The company’s cloud growth was a standout, with a 42% year-over-year increase, and it boasts an impressive client roster that includes 83% of Fortune 100 companies.

However, the deceleration in subscription growth, which accounts for 95% of JFrog's total revenue, has raised concerns.

The company’s Net Dollar Retention Rate, a key metric indicating revenue growth from existing customers, fell slightly to 118%, with management projecting it could dip further to around 115% by year-end.

The drivers of JFrog's growth are multifaceted, with the company benefiting from the ongoing digital transformation and the increasing adoption of DevOps and DevSecOps practices across industries.

However, the current macroeconomic environment presents significant headwinds.

The extended sales cycles and heightened budget scrutiny among enterprise customers, particularly in the cloud segment, are notable challenges that could weigh on JFrog's near-term performance.

Additionally, the company’s recent acquisition of AIOps startup Qwak, while strategic for long-term growth, is not expected to contribute meaningfully to revenue in FY24 and may pressure margins in the short term.

Concerns about valuation

JFrog’s valuation has come under scrutiny, especially given the slowdown in its growth trajectory.

With the company trading at more than 32 times forward free cash flow, some analysts argue that this premium is difficult to justify given the current challenges.

The valuation risk is further heightened by the potential for continued deceleration in revenue growth, which could lead to a re-rating of the stock.

While JFrog's long-term growth prospects remain strong, particularly with its push into AI and security, the near-term outlook suggests that investors may need to be patient as the company navigates these headwinds.

With a comprehensive understanding of JFrog's fundamentals and the mixed sentiment among analysts, the next logical step is to dive into the technical analysis.

By examining the stock's recent price movements and key indicators, we can gain deeper insights into potential future trends and better assess whether JFrog is poised for a rebound or faces further challenges ahead.

Bears in control

JFrog’s stock made a high above $90 a few days after its IPO in September 2020 and then entered a downtrend immediately.

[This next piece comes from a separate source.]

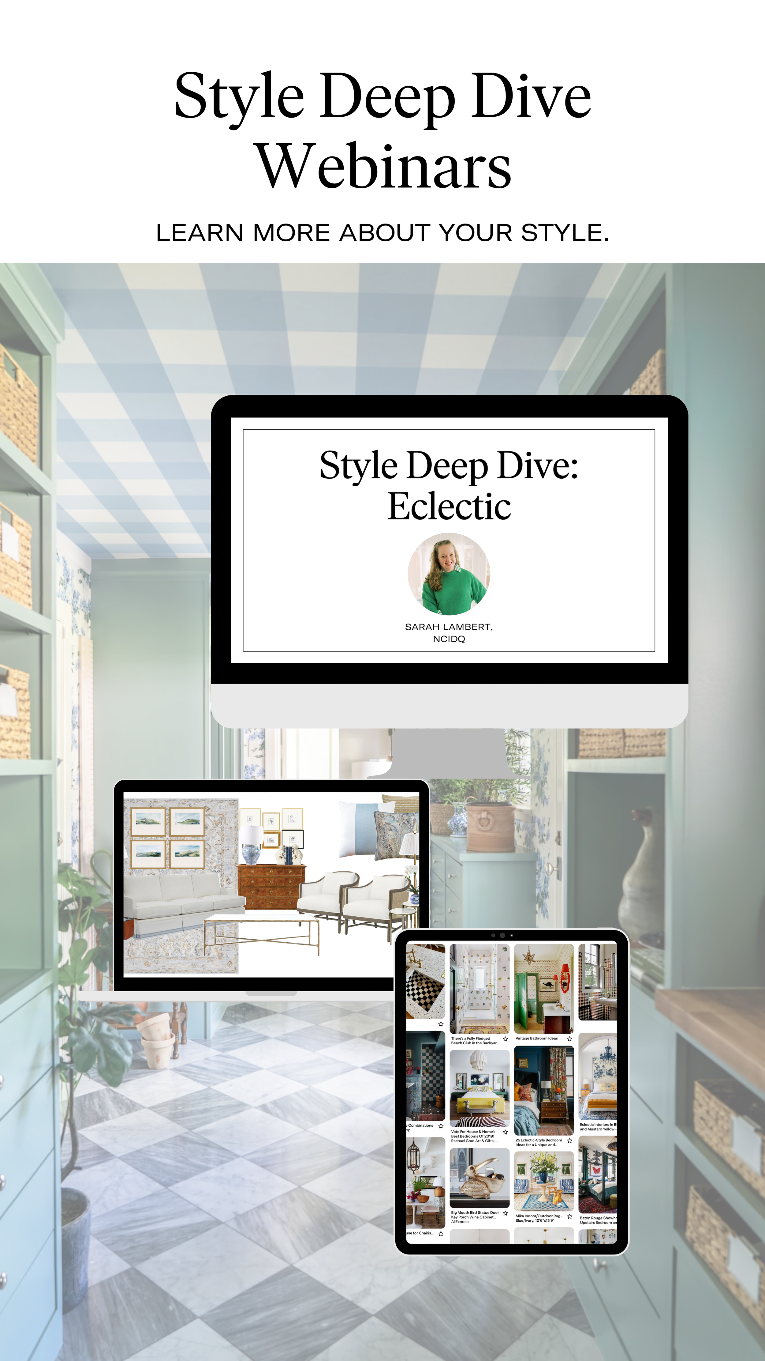 THEN we created some tools for you to get to know more about your style - what furniture shapes, patterns, and colors will fit together cohesively in your authentic style. We recommend starting with a Toolkit, then going to a Webinar to dive deeper!

After hitting a low below $17 in May 2022, the stock remained rangebound for a long time.

Source: TradingView

It started rallying in November last year, which took it to a high above $48 in February this year but has lost 50% of its value since then majorly due to the weak guidance provided during the recent Q2 earnings.

Apart from short-term weakness, the stock’s 100-day moving average has also crossed below its 200-day moving day average just 2 days ago, which is a strong indicator of bearish momentum in the medium term.

Taking that into account, investors who are bullish on JFrog must avoid initiating a long position unless the stock starts trading above $32.50 as any bounce back we get from current levels will be used by investors stuck at higher levels to sell the stock.

Traders with a bearish outlook can initiate fresh short positions when the stock reaches levels close to $30 with a stop loss above $32.5. If the bearish momentum persists, JFrog’s stock can again slide to its 2023 lows near $17.50.